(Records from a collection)
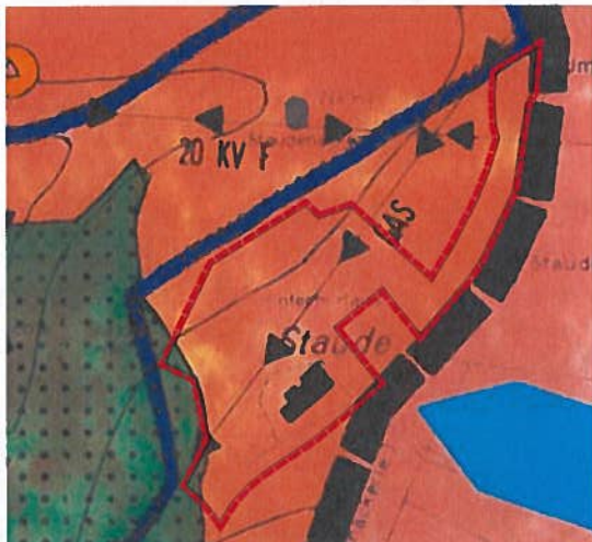
Änderungsbereich im wirksamen Flächennutzungsplan

Der Änderungsbereich befindet sich ca. 4 km nordöstlich von Triberg in exponierter Lage auf 900 m Höhe und ist umgeben von Wäldern und Feldern. Im Westen wird der Änderungsbereich durch Wald und im Norden durch landwirtschaftliche Flächen sowie Wiesenflächen begrenzt. Nordöstlich sowie südlich grenzt die Staudenstraße an das Gebiet an. Heute befinden sich im Änderungsbereich das Gasthaus Staude mit seinen Nebenanlagen, landwirtschaftliche Flächen sowie unbebaute Wiesenflächen. Der Geltungsbereich der Änderung beträgt etwa 1,37 ha und ist in den folgenden unmaßstäblichen Kartenausschnitten ersichtlich. Der Geltungsbereich wurde seit der Frühzeitigen Beteiligung aufgrund der Herausnahme von Waldflächen verkleinert. Im Einzelnen gilt die Planzeichnung (Deckblatt) vom 08.12.2025.
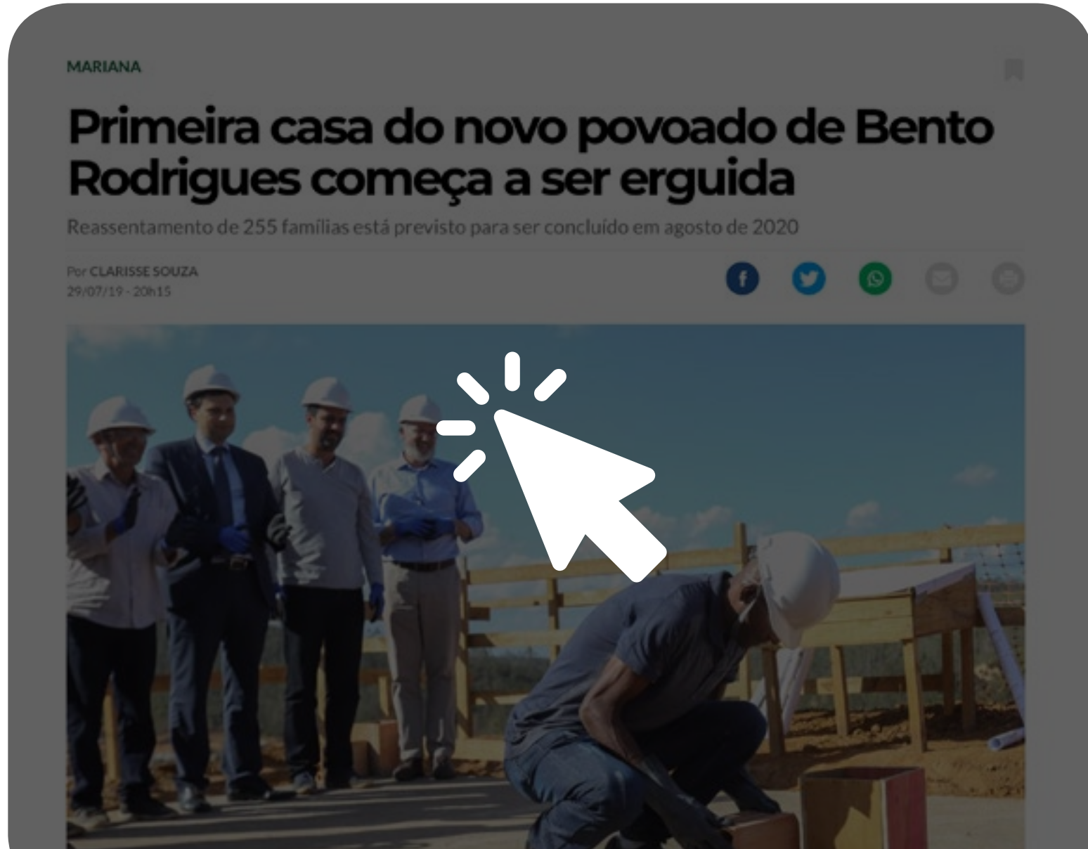
Jornal O Tempo
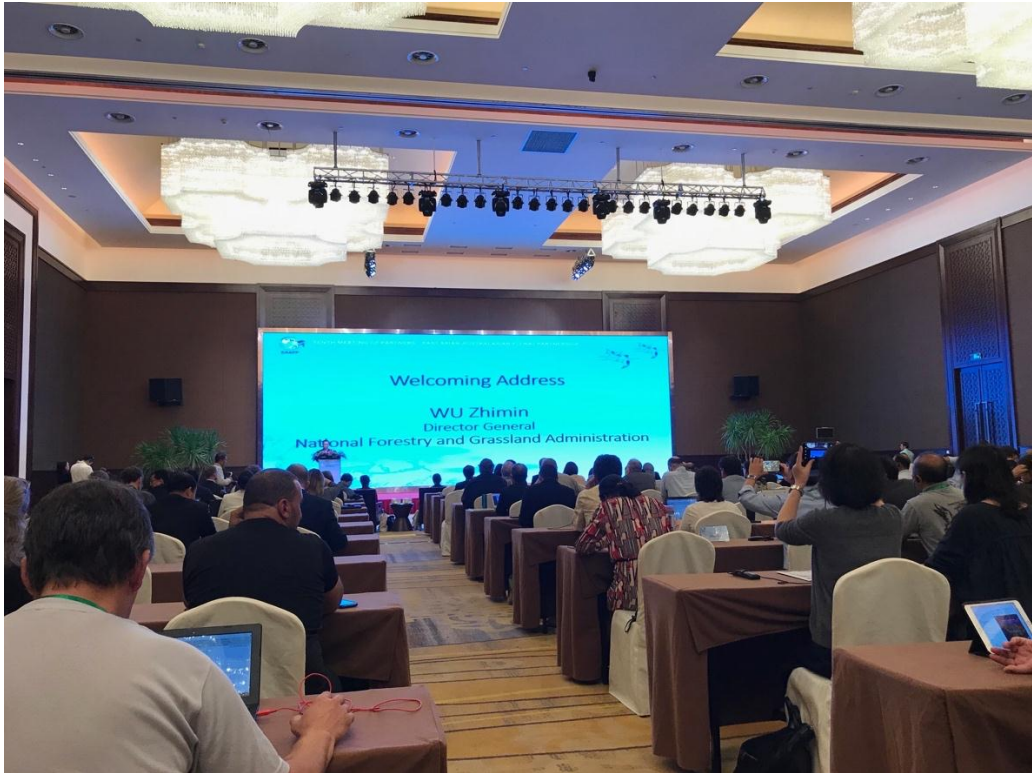
ចូលរួមកិច្ចប្រជុំដៃគូបណ្តាញផ្លូវហោះហើរសត្វស្លាបទេសន្តរប្រវេសន៍អាស៊ីខាងកើត អូស្ត្រាលី លើកទី១០
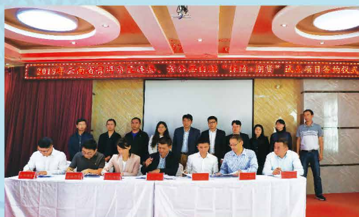
太平洋产险云南分公司全面启动普洱市白糖“保险+期货”试点项目
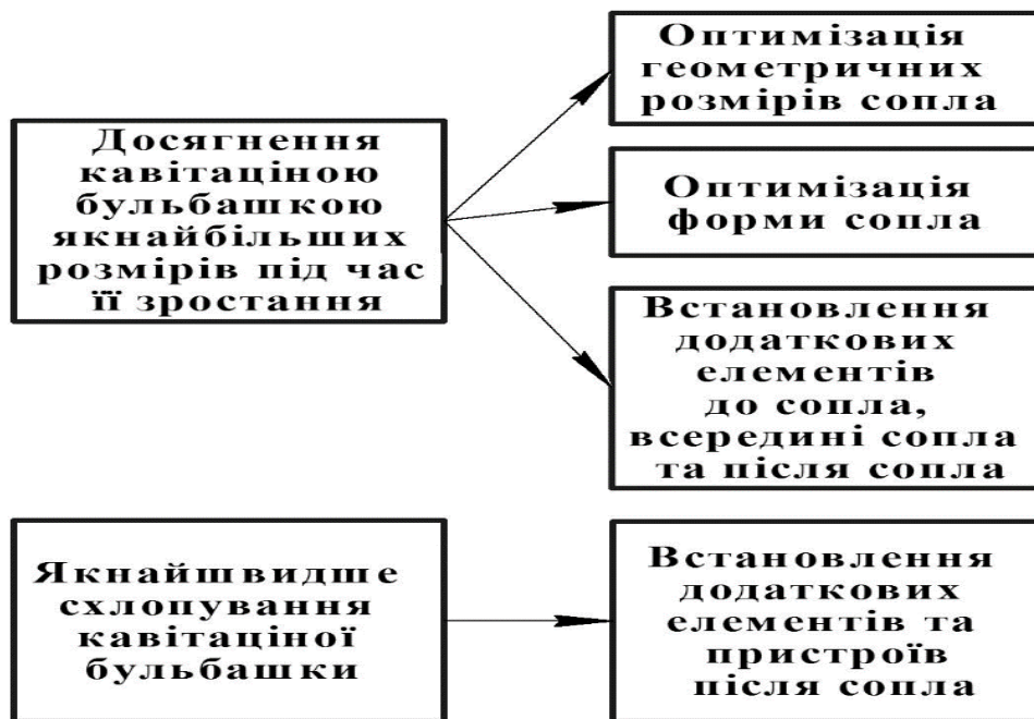
Рис. 2. Основні шляхи збільшення інтенсивності кавітації в соплі

Деякі з представлених вище процесів є мало дослідженими або навіть лише теоретично передбаченими на даний момент. Особливо це стосується проходження ядерних реакцій при схлопуванні кавітаційної бульбашки. Тим не менш, принаймні теоретично така можливість передбачена вченими, тому є необхідним вказати на неї в даній роботі. Тим не менш, представлений опис дозволяє прийняти технічні рішення стосовно застосування кавітації для інтенсифікації технологічних процесів, а також стосовно збільшення інтенсивності кавітації в зануреному соплі. Основними шляхами збільшення інтенсивності кавітації є забезпечення зростання бульбашки до якнайбільших розмірів та забезпечення якнайшвидшого схлопування кавітаційної бульбашки (рис. 2).
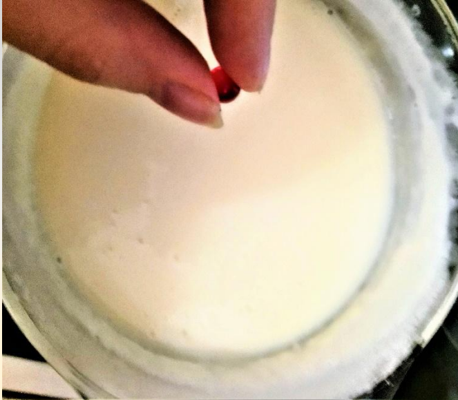
Добавить витамин Е
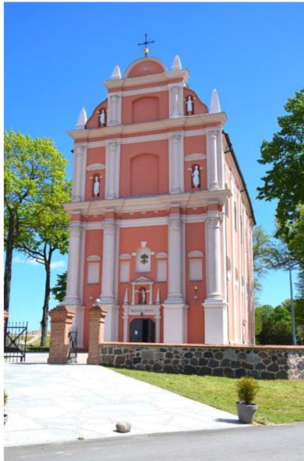
Ryc. 2 Sanktuarium Matki Boskiej w Skrzatuszu

Drugim bardzo interesującym obiektem sakralnym jest drewniany, zrębowy, niewielki kościół fil. pw. św. Jana Chrzciciela w Zawadzie wzniesiony w XVII wieku z fundacji Piotra Naramowskiego starosty ujsko – pilskiego, obiekt posiada zachowane z czasu budowy barokowy ołtarz i ambonę.
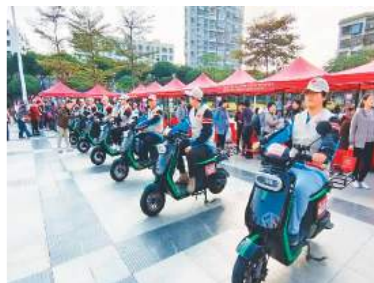
近日，由福建省厦门市红十字会、厦门市红十字基金会主办的“携手人道 温暖孤岛——2024年厦门市红十字博爱送万家”活动在厦门市举行。活动现场，厦门市首支红十字配送骑士应急救援志愿服务队成立。首批已经取得红十字救护员证的200多名配送骑士，将在群众需要帮助时，给予及时、有效的救护。图为红十字配送骑士应急救援志愿服务队。

曲靖市还通过建立回访机制，对回访不满意的本级工单，人工核实后再次交办，办理单位核实整改，推动“事事有着落、件件有回音”。
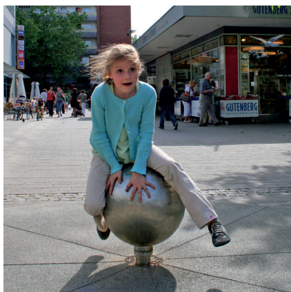
50000061 grote draaikogel

1 kogel resp. kogelcarroussel 1 funderingsanker
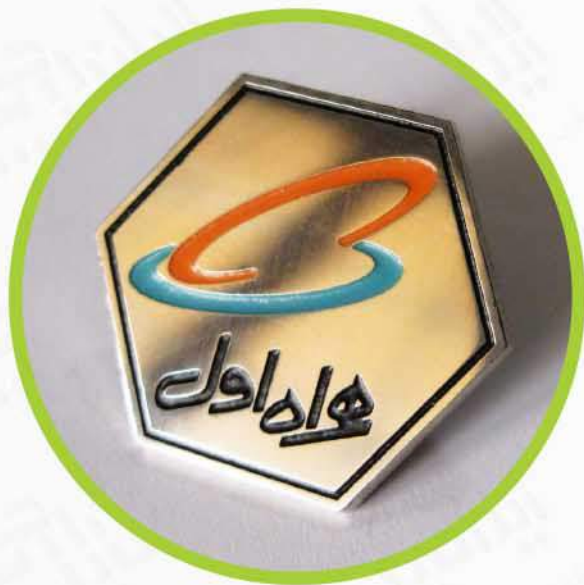
بیج های رنگی
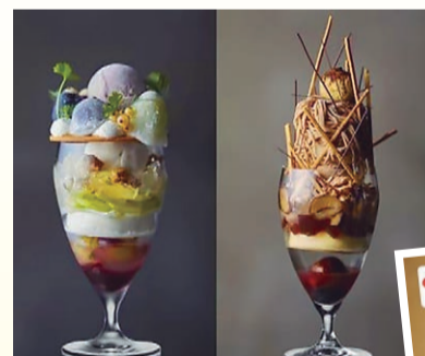
PÂTISSERIE ASAKO IWAYANAGI パルフェビジュウ®

また、あわせて世田谷区が行っている地域福祉・社会貢献型の取組みを紹介することで、区外の方からも寄附を通じた応援を募っています。
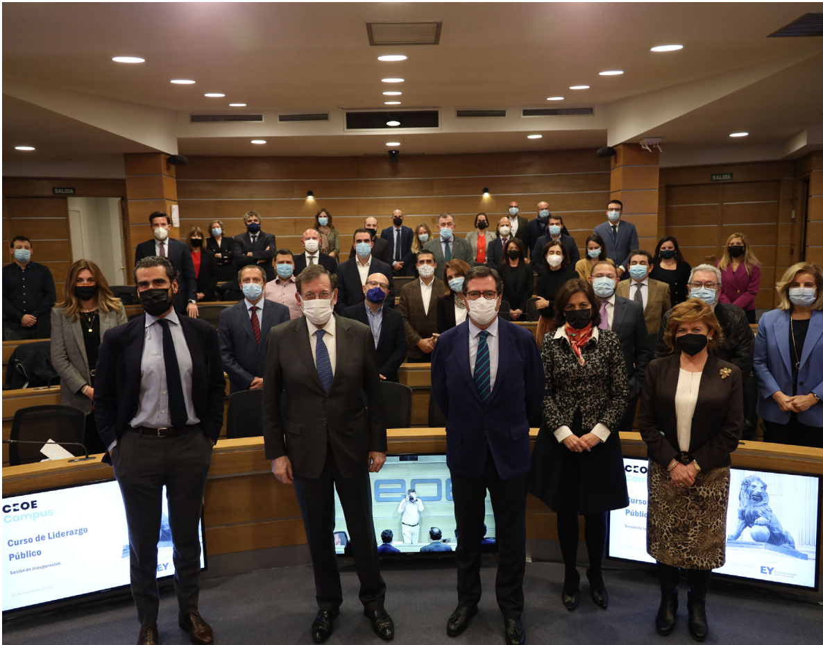
23/11/21 Presentación del Curso de Liderazgo Público de CEOE Campus

con ESADE, como partner académico, y con el patrocinio de Gilead Sciences.
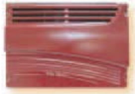
Wine C18 & C18S Außenansicht

* _WHAT THE TASK ASKS_
The required output is the line containing "近日，由福建省厦门市红十字会" plus every line after it to the end of the data, copied exactly and with no pictures.

* _WRITTEN ANSWER_
近日，由福建省厦门市红十字会、厦门市红十字基金会主办的“携手人道 温暖孤岛——2024年厦门市红十字博爱送万家”活动在厦门市举行。活动现场，厦门市首支红十字配送骑士应急救援志愿服务队成立。首批已经取得红十字救护员证的200多名配送骑士，将在群众需要帮助时，给予及时、有效的救护。图为红十字配送骑士应急救援志愿服务队。

曲靖市还通过建立回访机制，对回访不满意的本级工单，人工核实后再次交办，办理单位核实整改，推动“事事有着落、件件有回音”。
50000061 grote draaikogel

1 kogel resp. kogelcarroussel 1 funderingsanker
بیج های رنگی
PÂTISSERIE ASAKO IWAYANAGI パルフェビジュウ®

また、あわせて世田谷区が行っている地域福祉・社会貢献型の取組みを紹介することで、区外の方からも寄附を通じた応援を募っています。
23/11/21 Presentación del Curso de Liderazgo Público de CEOE Campus

con ESADE, como partner académico, y con el patrocinio de Gilead Sciences.
Wine C18 & C18S Außenansicht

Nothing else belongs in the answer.